Última actualización:
August 19, 2015
Años publicados: 1991, 1998, 2005, 2007, 2009, 2012, 2015
NORD gratefully acknowledges Prof Annick Toutain from the Service de Genetique Hopital Bretonneau in France for the updates to this report.
Wieacker syndrome is a rare, slowly progressive, genetic disorder present at birth and characterized by deformities of the joints of the feet (contracture), muscle degeneration (atrophy), mild intellectual disability and an impaired ability to move certain muscles of the eyes, face and tongue. Wieacker syndrome is inherited as an X-linked recessive trait.

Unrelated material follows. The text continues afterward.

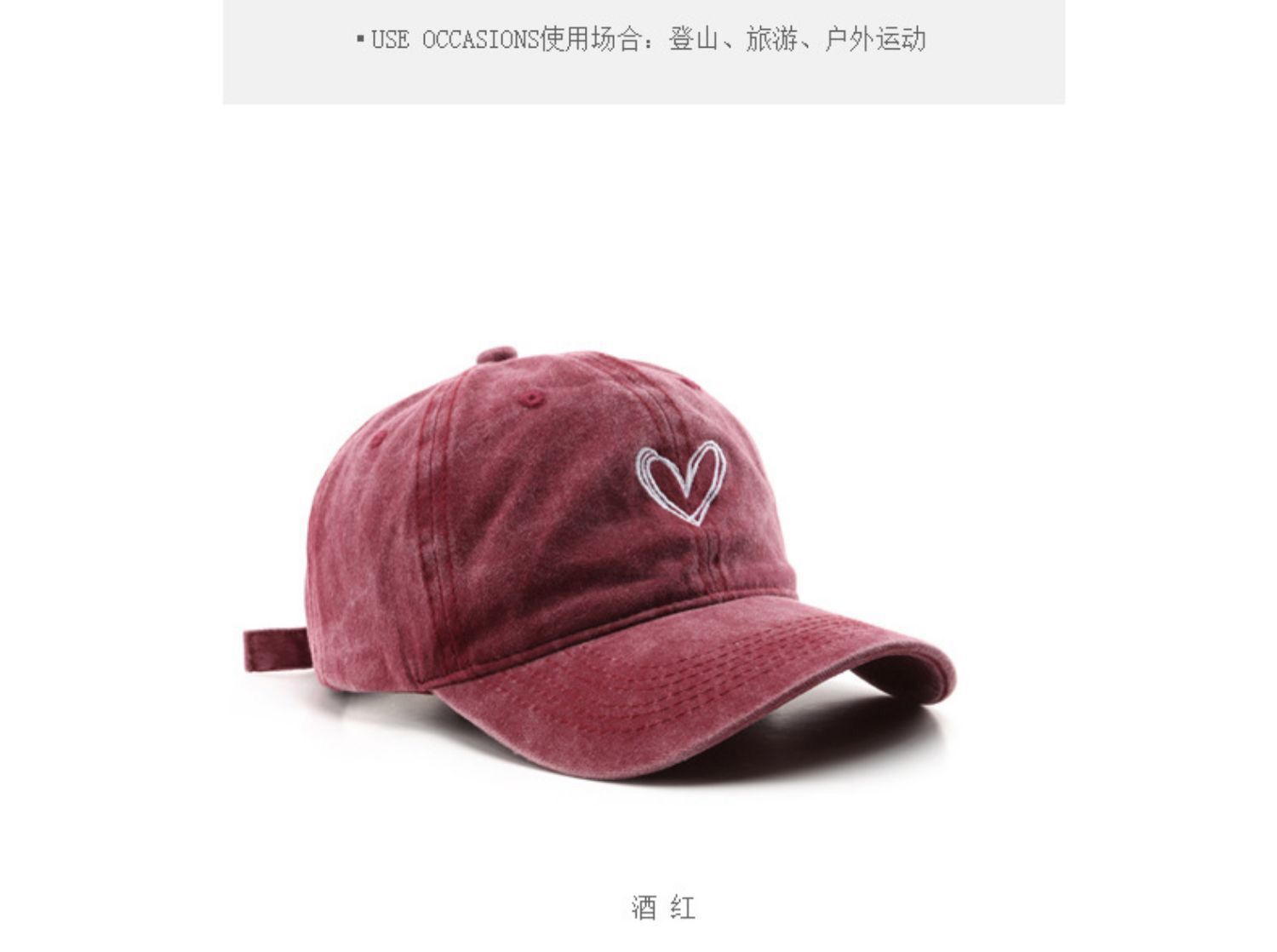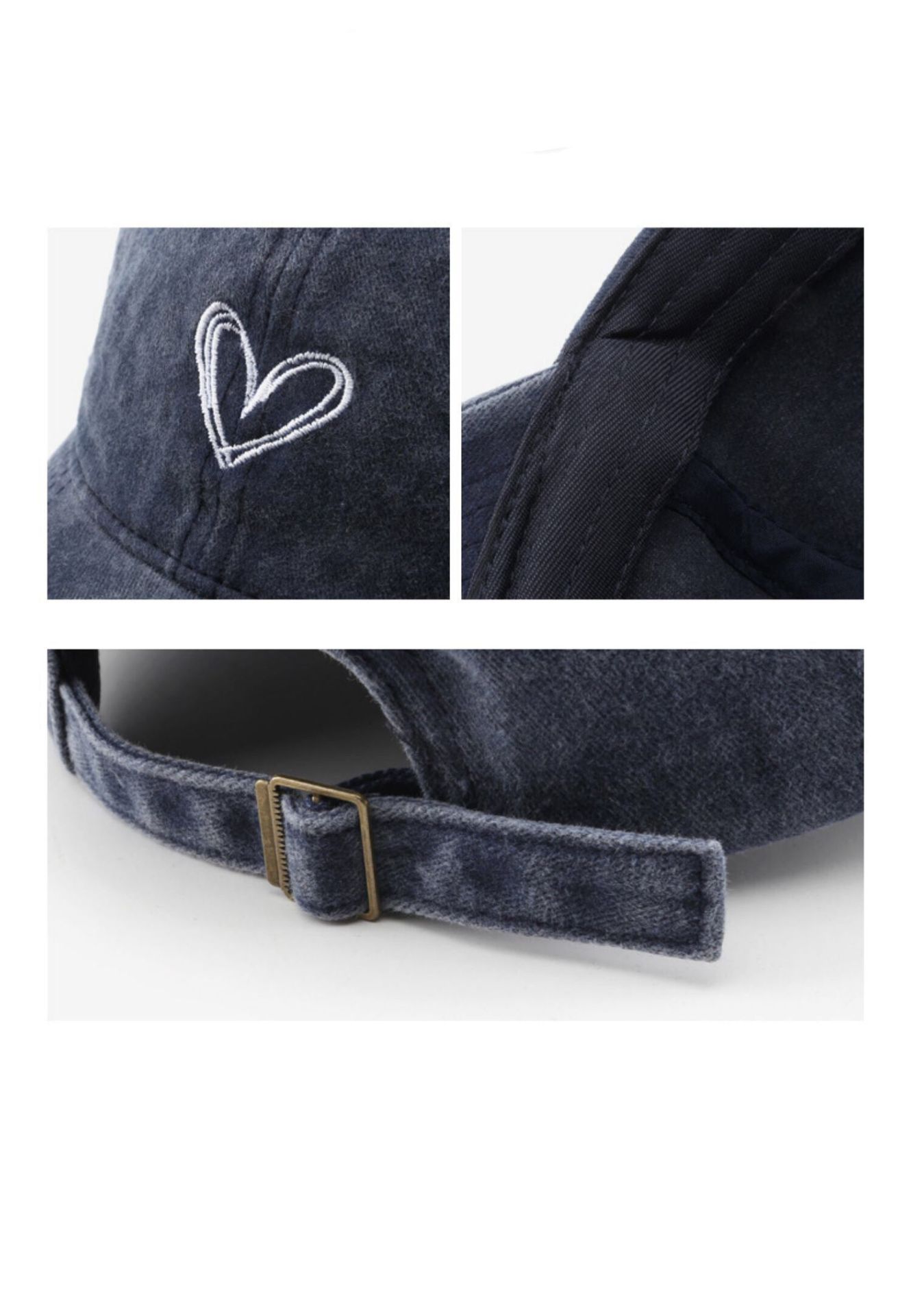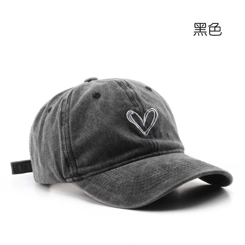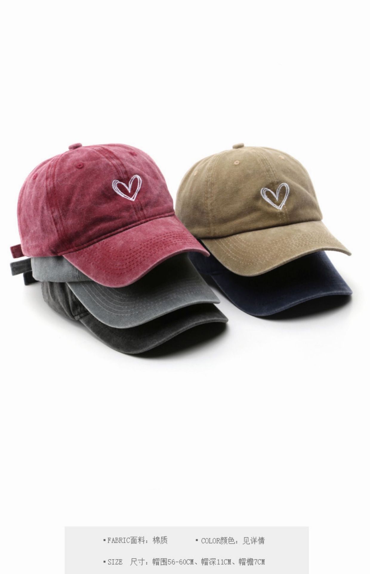 올 매치 하트 자수 워싱 올드 봄 여름 야구 모자 여성용 한국식 얇은 커플 소프트 탑 캡 남성용 트렌디스토어 가기

Symptoms of Wieacker syndrome include stiffening of the muscles and joints of the feet (contracture), slowly progressive atrophy of certain muscles of the legs and arms, and mild intellectual disability. Other symptoms are impairment or inability to move the eyes despite the wish to do so, and impairment in the use of face and tongue muscles. In some cases, affected individuals may have droopy eyelids (ptosis), crossed eyes (strabismus), and farsightedness (hyperopia). Abnormal curvature of the spine may also occur (kyphoscoliosis).
Wieacker syndrome is inherited as an X-linked recessive trait. It is caused by a defect in the ZC4H2 gene, located on a particular site of the X chromosome (Xq13-q21). The ZC4H2 gene is expressed in the synapses of the nervous system and plays an important role during embryonic development of the central and peripheral nervous system.
Chromosomes, which are present in the nucleus of human cells, carry the genetic information for each individual. Human body cells normally have 46 chromosomes. Pairs of human chromosomes are numbered from 1 through 22 and the sex chromosomes are designated X and Y. Males have one X and one Y chromosome and females have two X chromosomes. Each chromosome has a short arm designated “p” and a long arm designated “q”. Chromosomes are further sub-divided into many bands that are numbered. For example, “chromosome Xq13-q21″ refers to a region on the long arm of the X chromosome between bands 13 and 21. The numbered bands specify the location of the thousands of genes that are present on each chromosome.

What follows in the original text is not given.